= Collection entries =
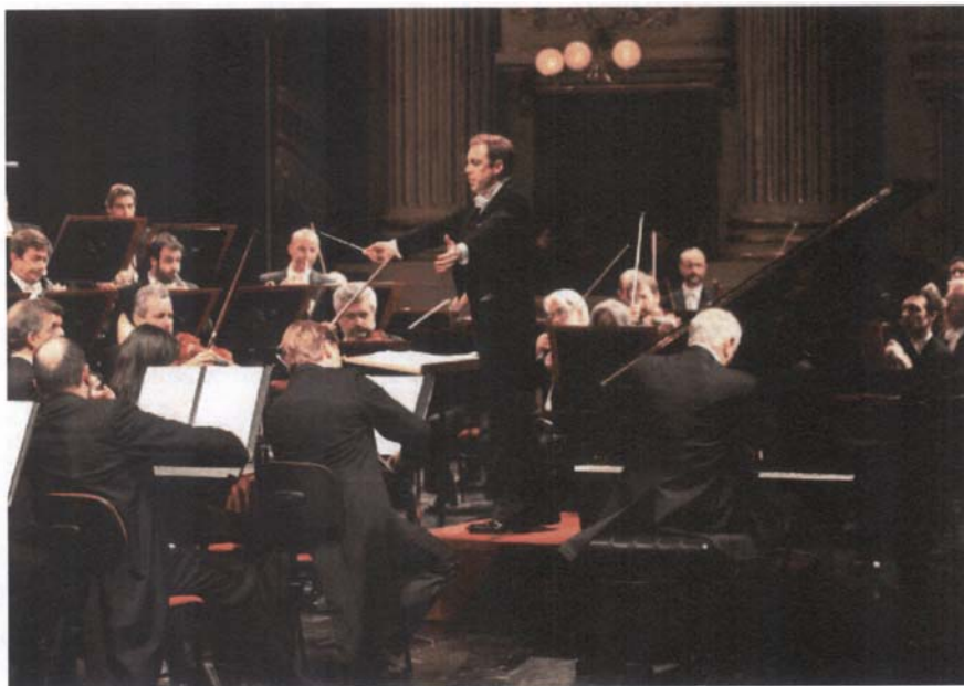
Filarmonica della Scala (7 novembre 2012) Direttore Daniel Harding Pianoforte Daniel Barenboim

Il decremento rispetto al 2011 degli acquisti di materie prime è dovuto alla diversa programmazione artistica presentata nel corso del 2012.
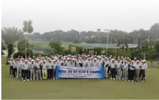
“가능성을 개척하다, KOFA ... 2023년 연말결산 및 경제세미나 열어 경기불황의 눈높이에 맞춰 간결한 연말 송년행사로 치러
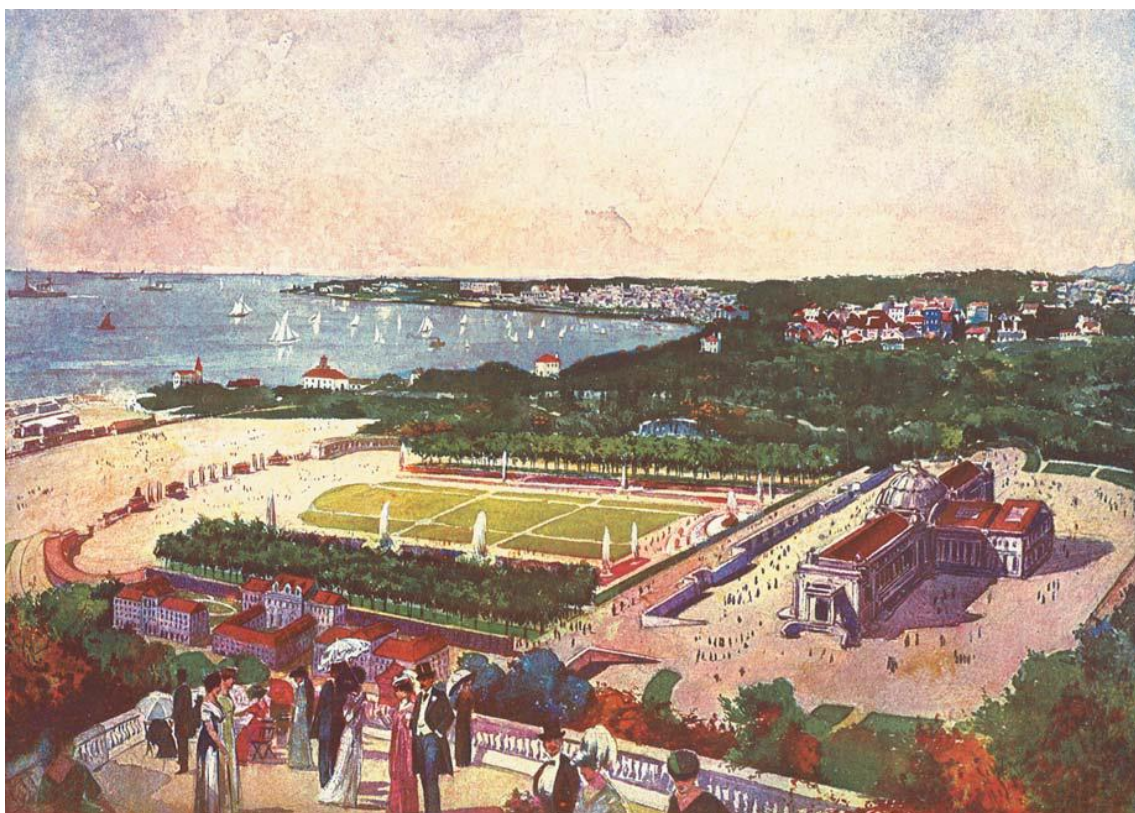
Projeção do novo Estoril, 1914
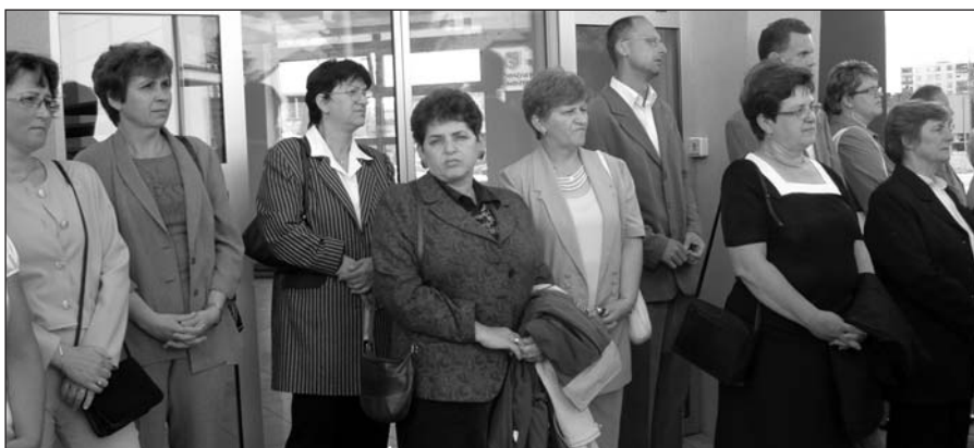
A 418 megyeri áldozatra emlékezők...
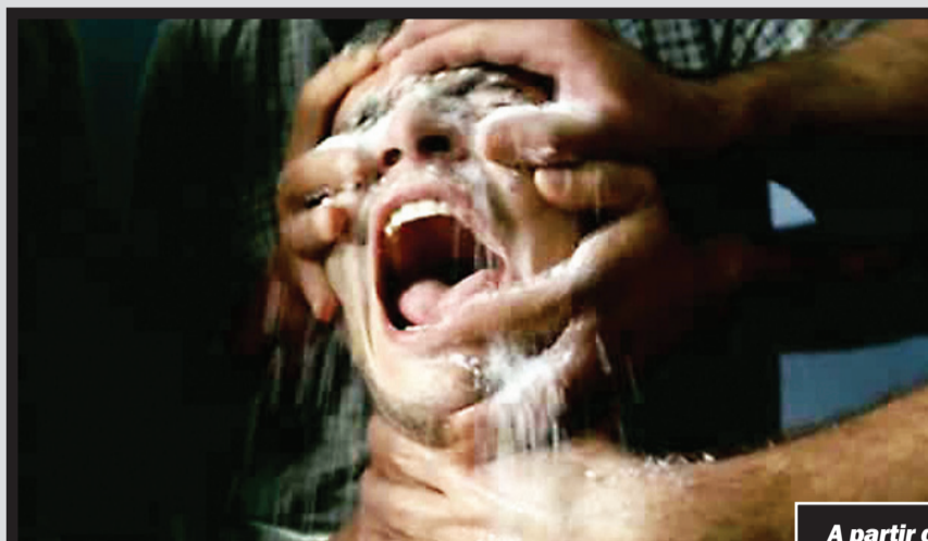
A partir do alto, em sentido horário, cenas de Zuzu Angel , Ação entre amigos , Nunca fomos tão felizes , Corpo em delicto , de novo Zuzu Angel e A terceira morte de Joaquim Bolívar : duplo processo de seleção do passado

A pesquisadora notou em alguns filmes dos anos 1980, como Pra frente Brasil e O bom burguês , uma certa invisibilidade dos militares em envolvimento com a tortura, ao passo que, nos menos conhecidos, ela aparece como política de Estado. É o caso de Paula – a história de uma subversiva ,
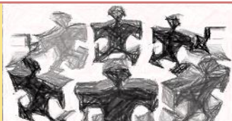
TAVOLA ROTONDA 2
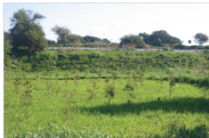
Whud mis-siġar indigeni li thawwlu fiż-żona ta taħt it-Torri l-Aħmar fil-limiti ta l-Aħrax tal-Mellieħa.

F'dan is-sit fil-passat, ukoll kien sar attentat biex jtkabbru s-siġar, bit-thawwil tas-siġar ta' l-Acacia, li sfortunatament kellhom impatt negattiv fuq il-biodiversità tal-post.
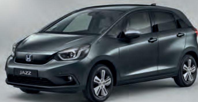
METALICKÁ SHINING GRAY
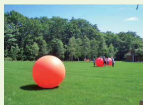
自然を満喫しませんか

申・問キャンプ場管理棟(☎60・2000)、6月3日(金)までは観光課(市庁舎7階、☎65・4169)へ。
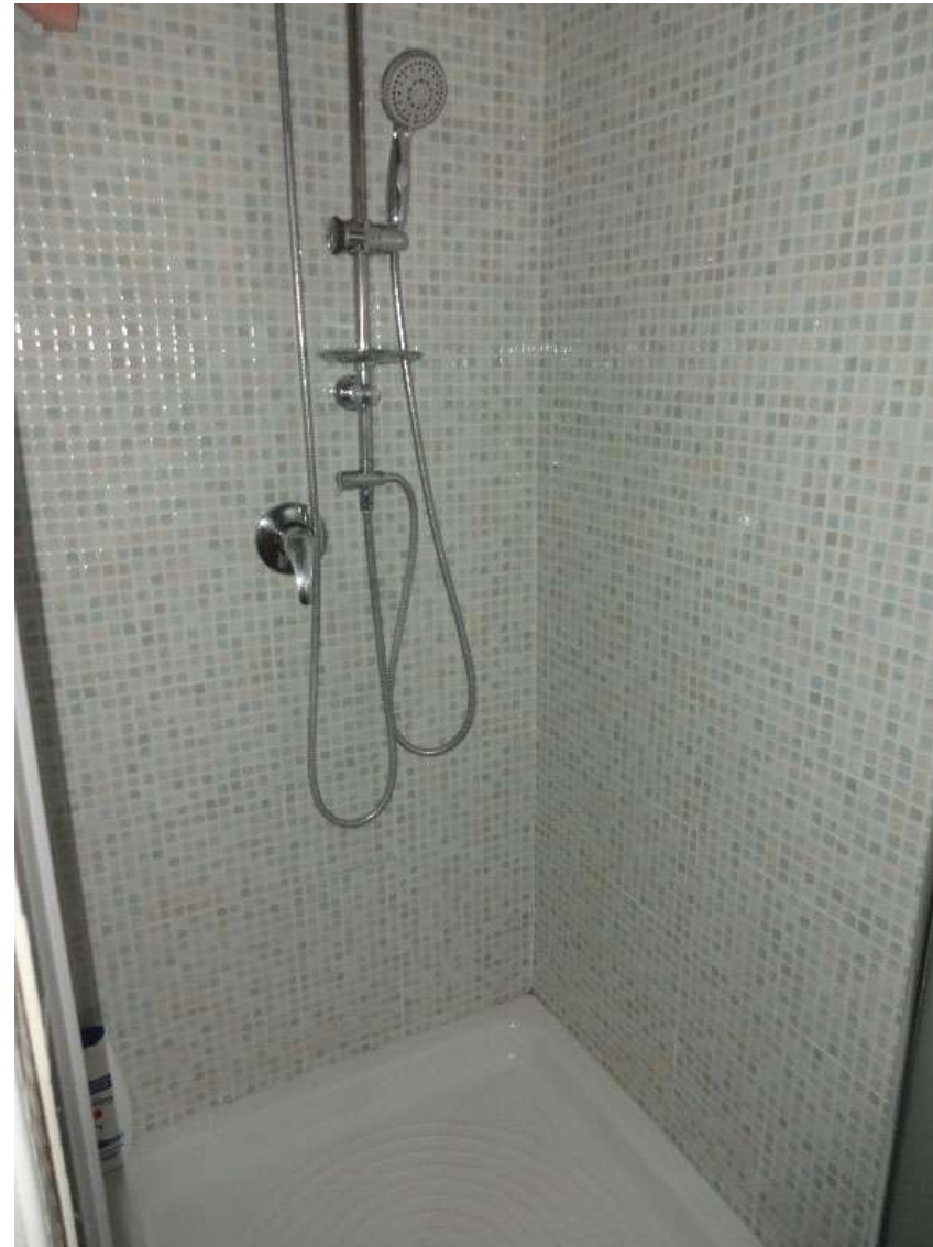
Foto 22-Interni del WC n.2
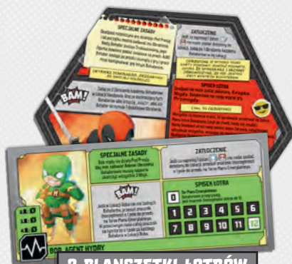
2 PLANSZKI ŁOTRÓW
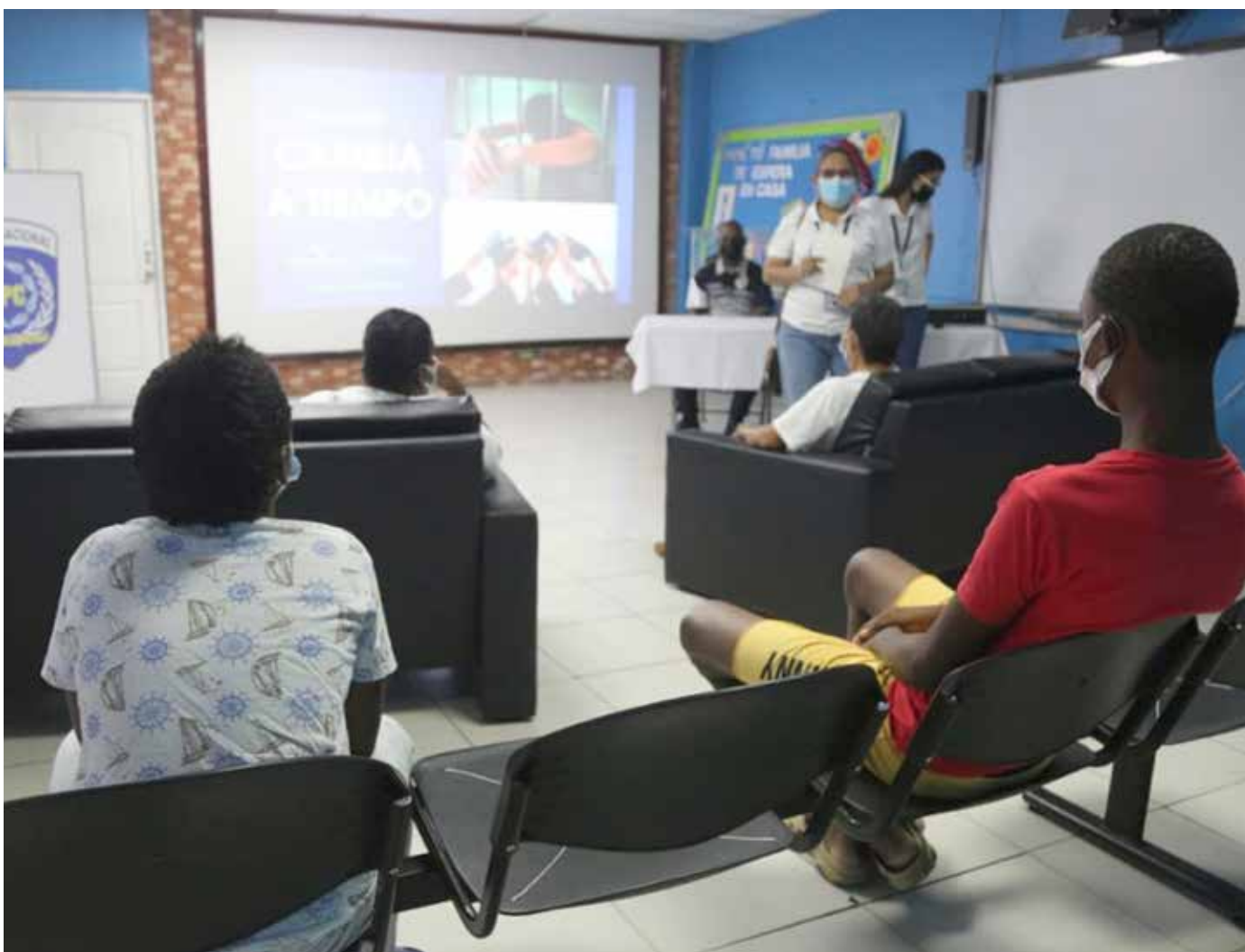
Jóvenes reciben orientación psicosocial.
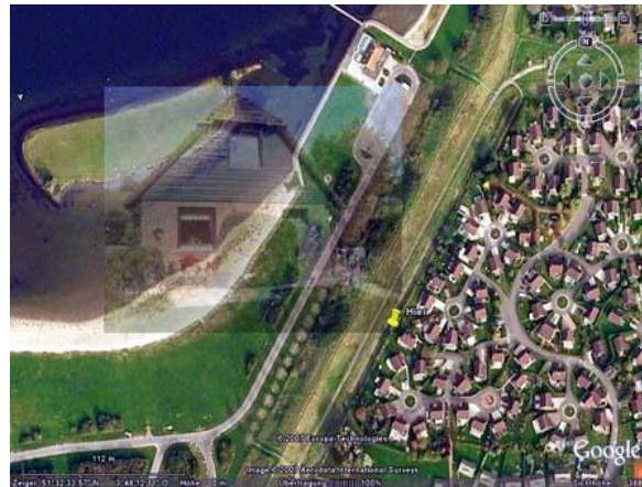
Die Satellitenaufnahme zeigt die direkte Lage am Veerse Meer.

Autominuten Entfernung befindet sich ein ausgewiesener Surfstrand. Der Supermarkt im Dorf Wolphaartsdijk und ein sieben Tage geöffneter Sommermarkt am Yachthafen sind etwa drei Kilometer entfernt, ideal für eine kurze Radtour vor dem Frühstück. Das nächste Restaurant liegt direkt hinter dem Deich, drei weitere Restaurants sind in zehn Geh-Minuten erreichbar.

= What you should do =
Leaving pictures out, output the lines of the data above from the one with "Il decremento rispetto" through the one with "TAVOLA ROTONDA 2", word for word.

= Solution for this task =
Il decremento rispetto al 2011 degli acquisti di materie prime è dovuto alla diversa programmazione artistica presentata nel corso del 2012.
“가능성을 개척하다, KOFA ... 2023년 연말결산 및 경제세미나 열어 경기불황의 눈높이에 맞춰 간결한 연말 송년행사로 치러
Projeção do novo Estoril, 1914
A 418 megyeri áldozatra emlékezők...
A partir do alto, em sentido horário, cenas de Zuzu Angel , Ação entre amigos , Nunca fomos tão felizes , Corpo em delicto , de novo Zuzu Angel e A terceira morte de Joaquim Bolívar : duplo processo de seleção do passado

A pesquisadora notou em alguns filmes dos anos 1980, como Pra frente Brasil e O bom burguês , uma certa invisibilidade dos militares em envolvimento com a tortura, ao passo que, nos menos conhecidos, ela aparece como política de Estado. É o caso de Paula – a história de uma subversiva ,
TAVOLA ROTONDA 2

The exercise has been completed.